REQUIRED ACTION:
Beginning with the opening line of the entries, return every line through the one containing "- Dusk Heidi", both included, and nothing else. Omit pictures.

[Recorded data]
········
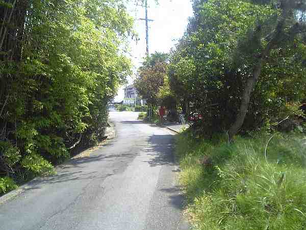 西の坂=秋葉坂)を下っていくと、大きく左カーブした車道に出る(左・右写真)。
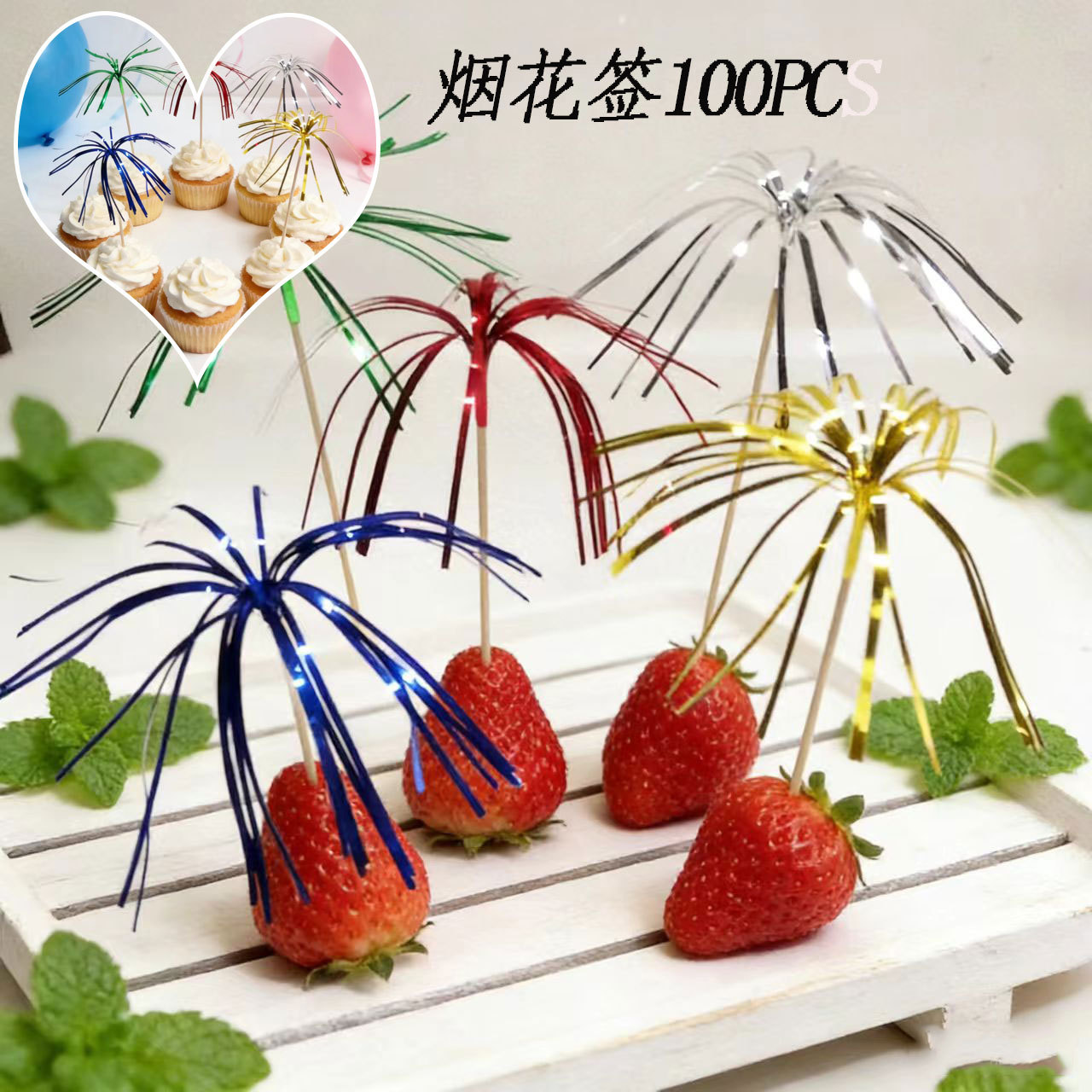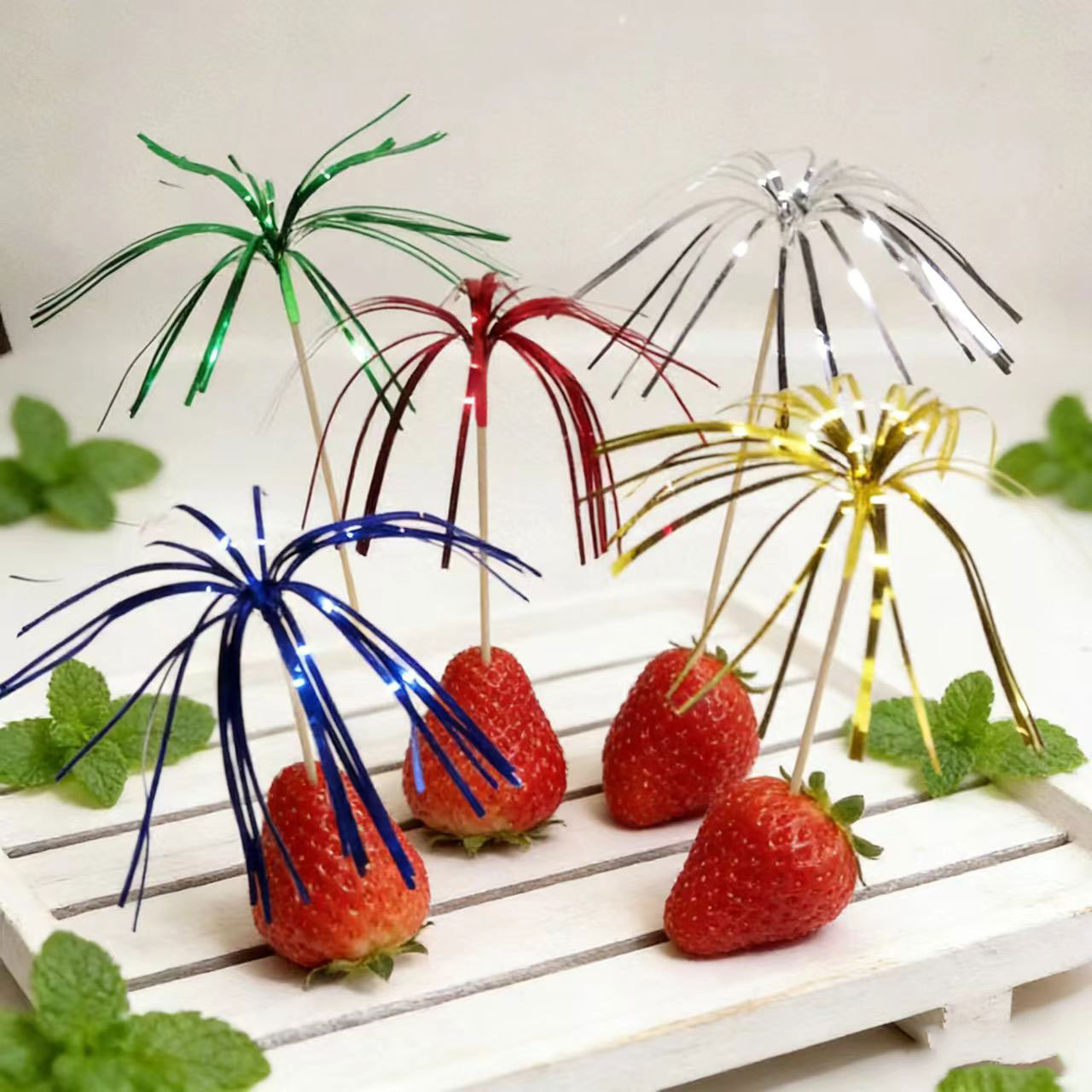 Cash fruta palo creativo colorido cigarrillo de madera 100 unids cóctel aguja 15cm en stock al por mayor
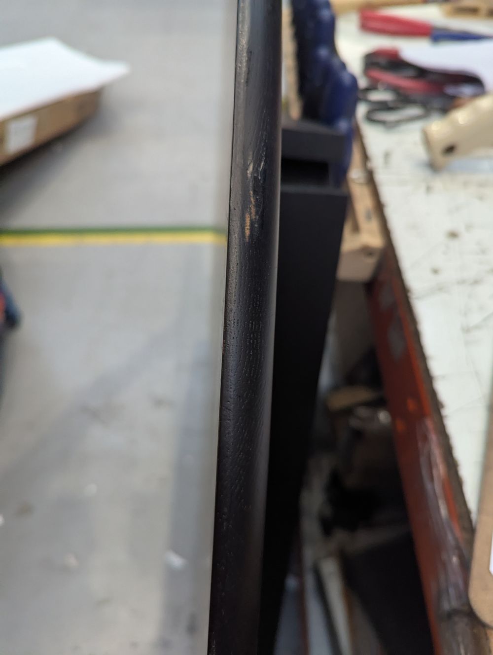 - Dusk Heidi Solid Oak 4-6 Seater Round Dining Table - Black RRP £579 - missing fittings and damaged on the edges as shown
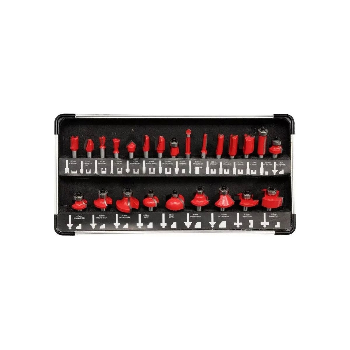 Набор фрез по дереву YT-6801. Стержень диаметром 8 мм, головки с профилированными режущими пластинами из карбида кремния YG6X. Серебристая пайка, допуск на размеры 0,08 мм. Фрезы имеют кромки и подшипники для облегчения управления фрезерным станком.
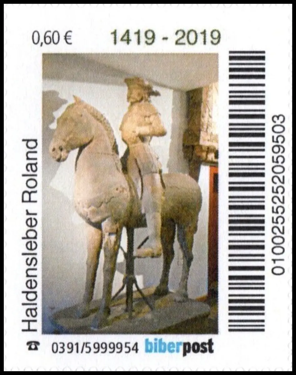 • MichSeite Biberpost: 04.05.2019, "Haldensleben: Roland, 1419 - 2019", Satz, postfrisch Beschreibung \nAusgabeland: Bundesrepublik Deutschland \nPostdienstleister: Biberpost, Magdeburg \nAusgabeanlass: personalisierte Briefmarkenausgabe "Haldensleben: Roland, 1419 - 2019" Katalognummer: - Ausgabedatum: 04.05.2019 Nominale: Satz (1 Wert) zu 0,60 EUR \nTyp: Typ VI (neues Logo) \nErhaltung: selbstklebend, zähnungsartig gestanzt, postfrisch \nHinweis: - Thema: Stadtrecht, Gericht, Richter, Statue, Schwert
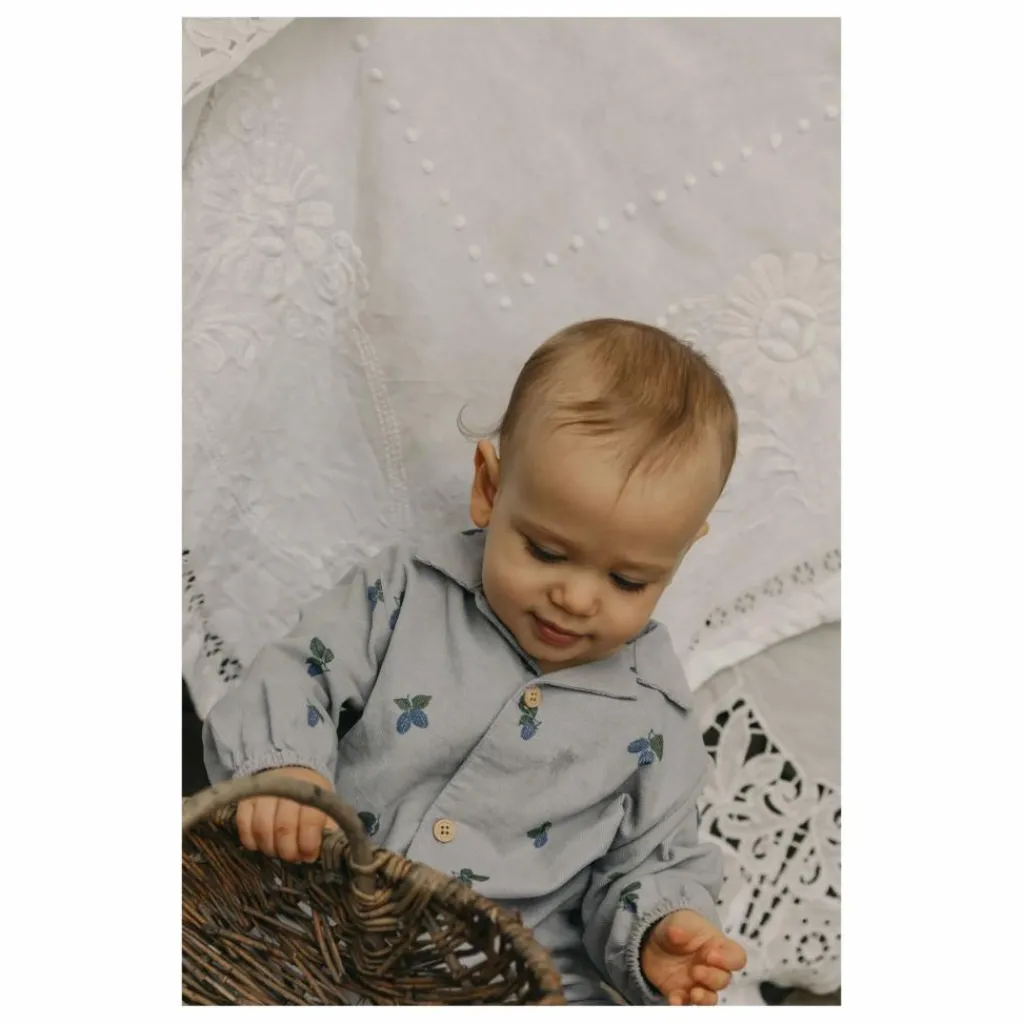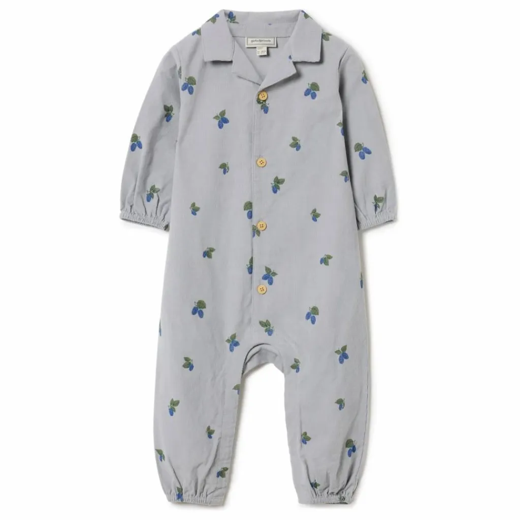 - Combinaison à manches longues en micro velours côtelé. La grenouillère est dotée d’un col en forme de station et de poignets élastiques aux extrémités des manches et des jambes, d’une fermeture à boutons sur le devant et de boutons-pression à l’entrejambe pour faciliter l’habillage et le changement de couche.
········
RESPONSE AREA:
 西の坂=秋葉坂)を下っていくと、大きく左カーブした車道に出る(左・右写真)。
 Cash fruta palo creativo colorido cigarrillo de madera 100 unids cóctel aguja 15cm en stock al por mayor
 - Dusk Heidi Solid Oak 4-6 Seater Round Dining Table - Black RRP £579 - missing fittings and damaged on the edges as shown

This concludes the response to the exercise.